Collected data entries:
# # # # #

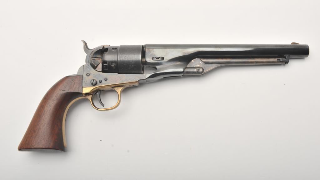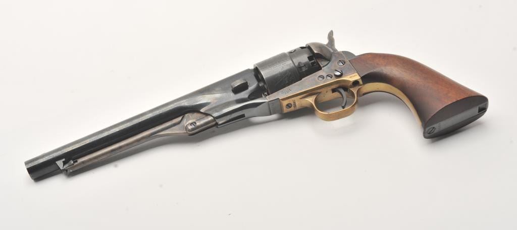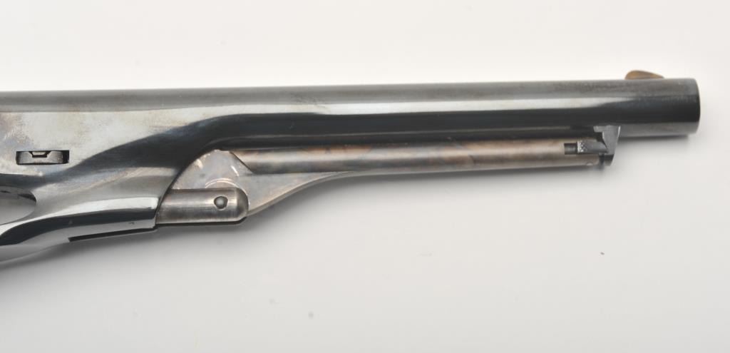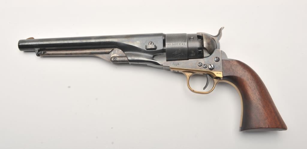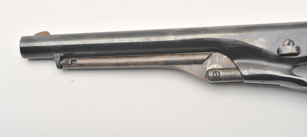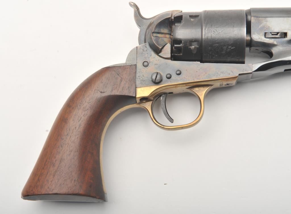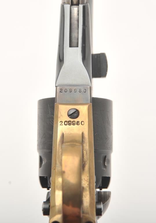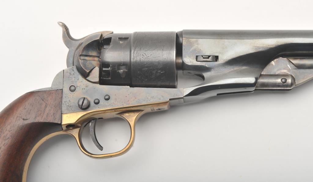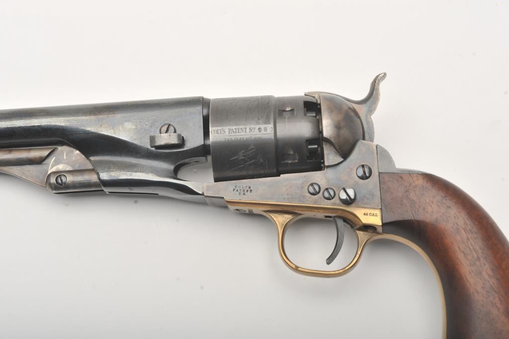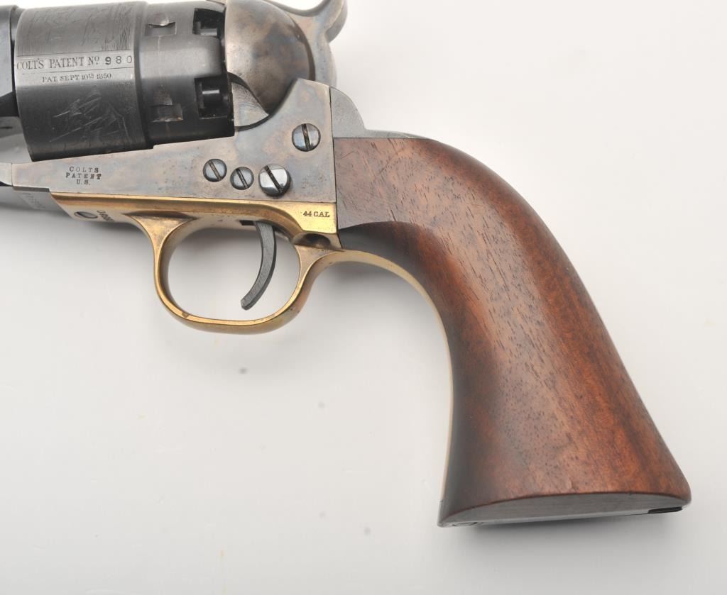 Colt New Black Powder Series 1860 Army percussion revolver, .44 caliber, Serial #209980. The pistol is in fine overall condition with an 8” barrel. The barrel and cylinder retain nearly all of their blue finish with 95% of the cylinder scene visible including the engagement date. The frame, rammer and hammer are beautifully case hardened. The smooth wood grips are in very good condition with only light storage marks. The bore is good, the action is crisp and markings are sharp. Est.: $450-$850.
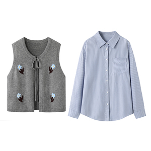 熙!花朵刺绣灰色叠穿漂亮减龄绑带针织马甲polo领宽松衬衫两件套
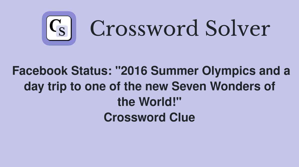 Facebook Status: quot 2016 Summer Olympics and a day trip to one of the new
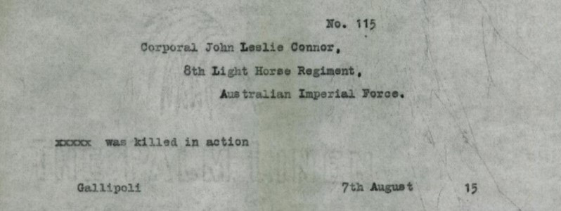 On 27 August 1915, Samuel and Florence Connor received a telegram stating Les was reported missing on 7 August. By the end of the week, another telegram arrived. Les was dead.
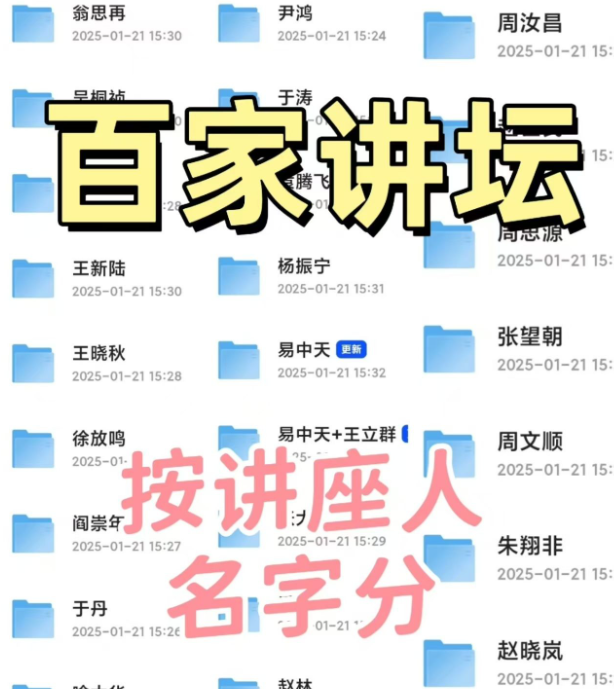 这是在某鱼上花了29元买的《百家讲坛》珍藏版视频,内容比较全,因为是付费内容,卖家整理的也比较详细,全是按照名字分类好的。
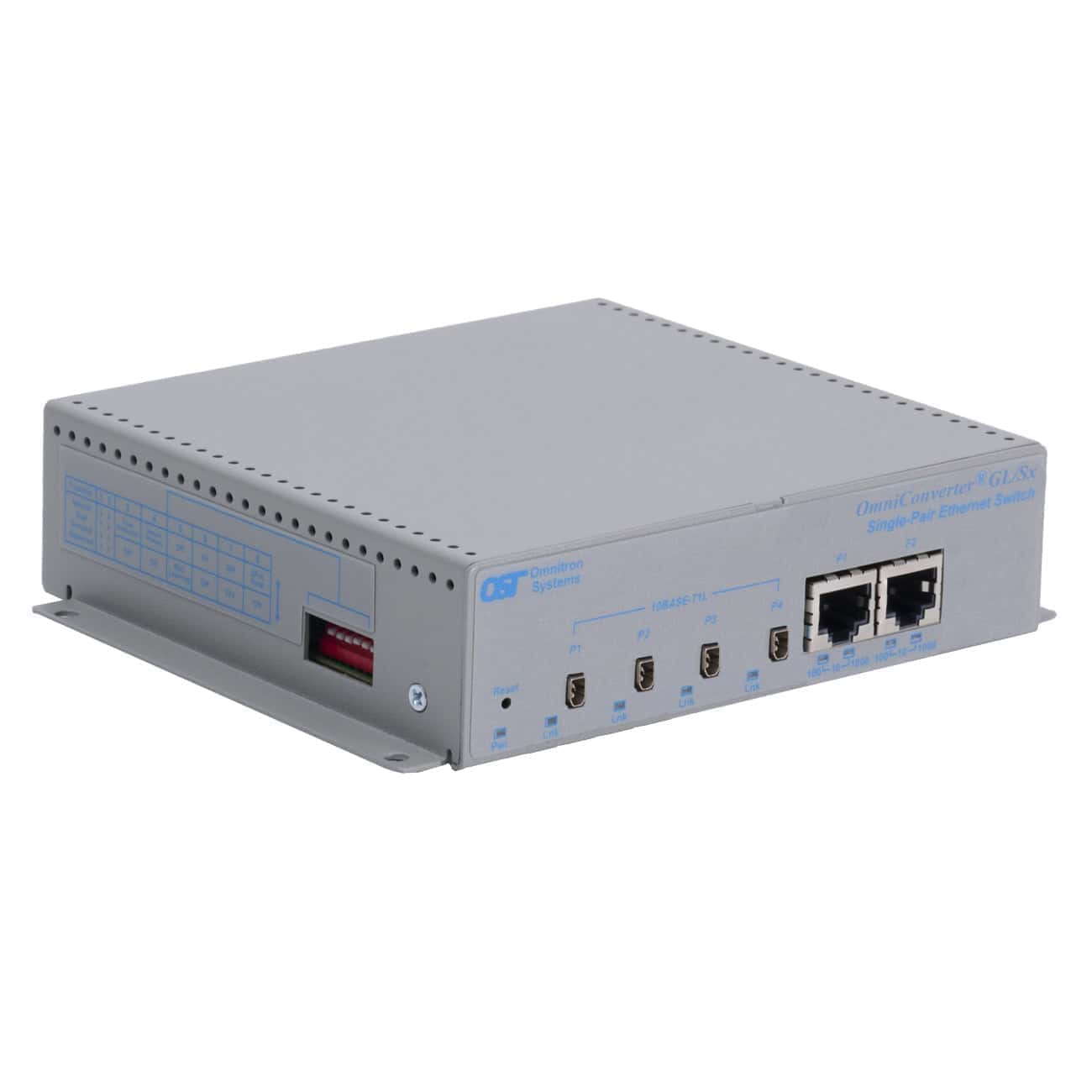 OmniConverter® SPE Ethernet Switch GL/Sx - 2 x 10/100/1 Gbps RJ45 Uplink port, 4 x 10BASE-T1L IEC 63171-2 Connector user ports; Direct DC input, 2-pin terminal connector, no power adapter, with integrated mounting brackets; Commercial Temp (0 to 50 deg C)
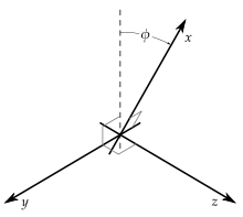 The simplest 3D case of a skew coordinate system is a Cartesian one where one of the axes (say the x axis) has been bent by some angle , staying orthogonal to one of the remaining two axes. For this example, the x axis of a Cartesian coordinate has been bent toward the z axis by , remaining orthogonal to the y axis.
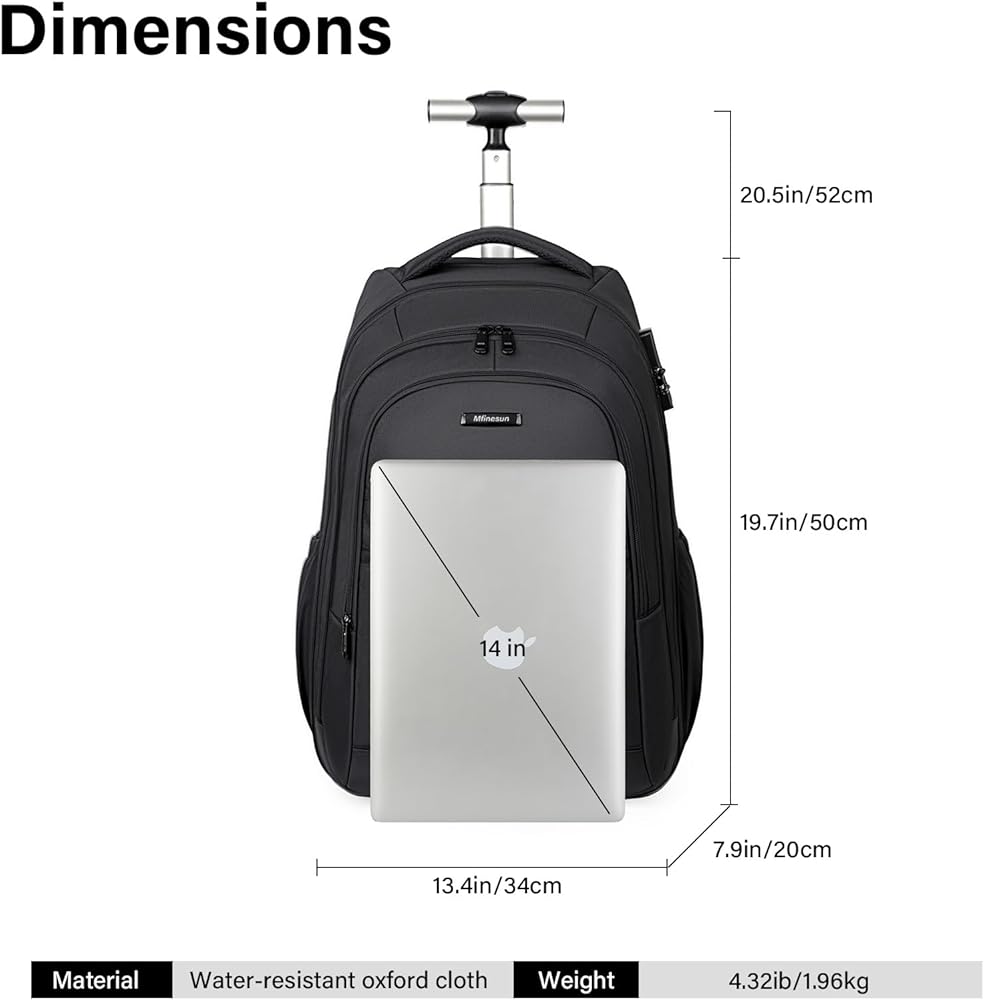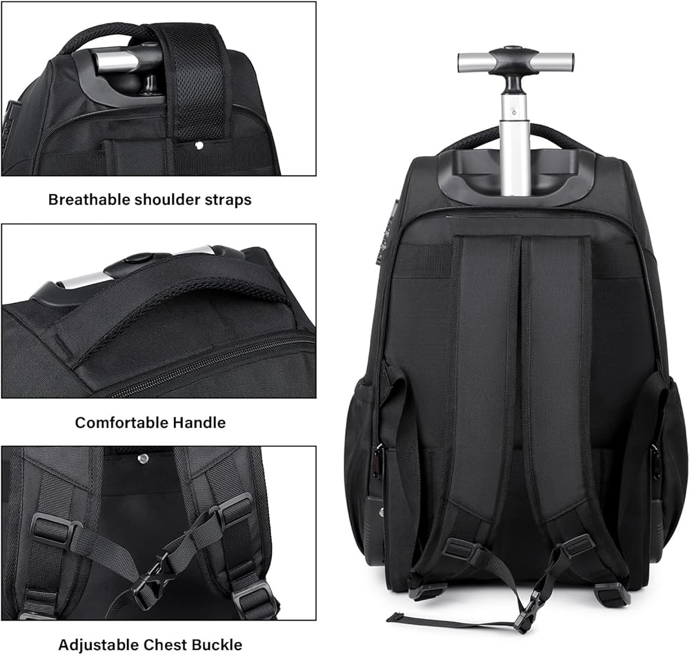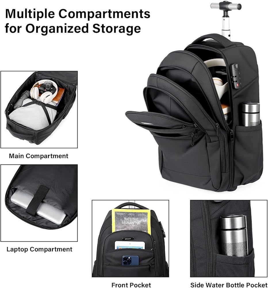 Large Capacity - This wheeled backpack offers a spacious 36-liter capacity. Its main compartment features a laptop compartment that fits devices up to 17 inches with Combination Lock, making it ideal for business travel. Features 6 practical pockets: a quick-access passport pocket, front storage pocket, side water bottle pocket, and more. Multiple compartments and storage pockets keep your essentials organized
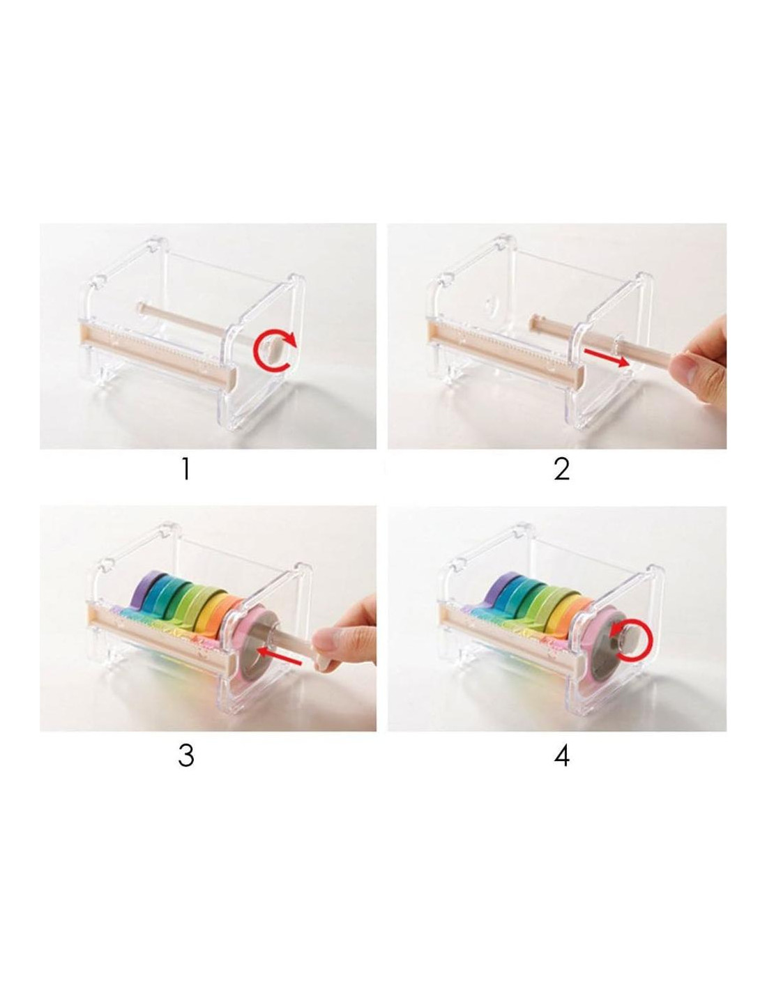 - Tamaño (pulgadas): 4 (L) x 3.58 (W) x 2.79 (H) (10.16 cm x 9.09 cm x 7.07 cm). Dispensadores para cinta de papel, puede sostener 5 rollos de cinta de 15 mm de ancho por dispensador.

# # # # #

THE TASK: What is needed is a word-for-word transcription of all the entries, with the pictures dropped.

SOLUTION:
 Colt New Black Powder Series 1860 Army percussion revolver, .44 caliber, Serial #209980. The pistol is in fine overall condition with an 8” barrel. The barrel and cylinder retain nearly all of their blue finish with 95% of the cylinder scene visible including the engagement date. The frame, rammer and hammer are beautifully case hardened. The smooth wood grips are in very good condition with only light storage marks. The bore is good, the action is crisp and markings are sharp. Est.: $450-$850.
 熙!花朵刺绣灰色叠穿漂亮减龄绑带针织马甲polo领宽松衬衫两件套
 Facebook Status: quot 2016 Summer Olympics and a day trip to one of the new
 On 27 August 1915, Samuel and Florence Connor received a telegram stating Les was reported missing on 7 August. By the end of the week, another telegram arrived. Les was dead.
 这是在某鱼上花了29元买的《百家讲坛》珍藏版视频,内容比较全,因为是付费内容,卖家整理的也比较详细,全是按照名字分类好的。
 OmniConverter® SPE Ethernet Switch GL/Sx - 2 x 10/100/1 Gbps RJ45 Uplink port, 4 x 10BASE-T1L IEC 63171-2 Connector user ports; Direct DC input, 2-pin terminal connector, no power adapter, with integrated mounting brackets; Commercial Temp (0 to 50 deg C)
 The simplest 3D case of a skew coordinate system is a Cartesian one where one of the axes (say the x axis) has been bent by some angle , staying orthogonal to one of the remaining two axes. For this example, the x axis of a Cartesian coordinate has been bent toward the z axis by , remaining orthogonal to the y axis.
 Large Capacity - This wheeled backpack offers a spacious 36-liter capacity. Its main compartment features a laptop compartment that fits devices up to 17 inches with Combination Lock, making it ideal for business travel. Features 6 practical pockets: a quick-access passport pocket, front storage pocket, side water bottle pocket, and more. Multiple compartments and storage pockets keep your essentials organized
 - Tamaño (pulgadas): 4 (L) x 3.58 (W) x 2.79 (H) (10.16 cm x 9.09 cm x 7.07 cm). Dispensadores para cinta de papel, puede sostener 5 rollos de cinta de 15 mm de ancho por dispensador.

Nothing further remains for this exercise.